I have a Solr-Servlet with 600.000 documents, each document contains about 10-30 multivalued fields. In order to upate a document, I´m facing problems because Solr hasn´t any update function in version 3.6. What I want to do: I want to do: I want to have a app, which just need the field, which should be inserted to the document. For example:
Document1( field1 / value1, field2 / value2)
I want to insert a field3 / value3 to this document. For now, there is the need to do it this way:
Document1( field1 / value1, field2 / value2, field3 / value3)

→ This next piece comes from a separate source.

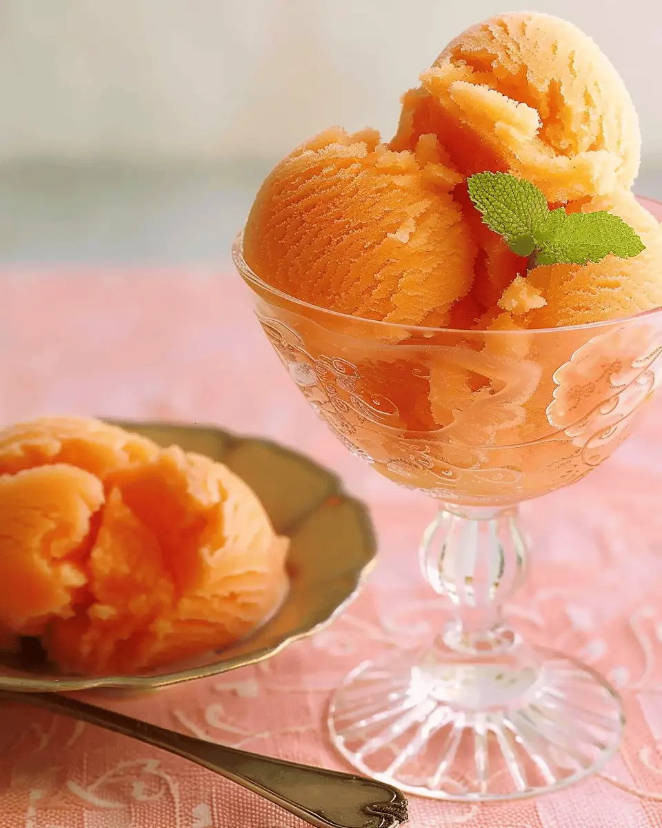 Keywords: melon sorbet, summer dessert, refreshing treat

Cause of the high number of the fields in each document, I just want to add field3 / value3, without the need to write know all the other fields like shown above:
Document1( field3 / value3)
Thats why I wrote an application, which first automatically get all the data from Solr and than add the one field, which should be inserted to the document. Everything went right, until I worked with documents, where fields have values like ‘ä’ ‘ö’ ‘ü’ and so on. Solr than return an error:
org.apache.solr.common.SolrException: Invalid UTF-8 start byte 0xfc
I figured out, that this is caused by the posted characters above. Therefore I wanted to know which encoding my inputstream is (I used juniversalchardet for this) and it pointed out, that the encoding is WINDOWS-1252. My application is written in Java without any Solr libraries (just the standard http libraries and javax for xml handling). Do you have any idea where the encoding is changed and how can I avoid it? Is it Java or is it, because the servlet is running on a windows machine?
Thanks for any help!
edit: Should I use Solrj libraries? Does anyone know if this avoid my problem?
After some research I found my problem and I want to share it for all who might have the same problem. The inputstream seems to be depended on your running system. As you may guess, I´m using a Windows machine. The only thing you have to do, is setting your outputstream as UTF-8, which will be used by Solr to reindex your document. I used a FileOutputStream, because I needed to document the change. So my missing code was:
You can choose the encoding of nearly all streams. I didn´t know about this parameter, so for all who will face this problem -> just set the encoding of your outputstream.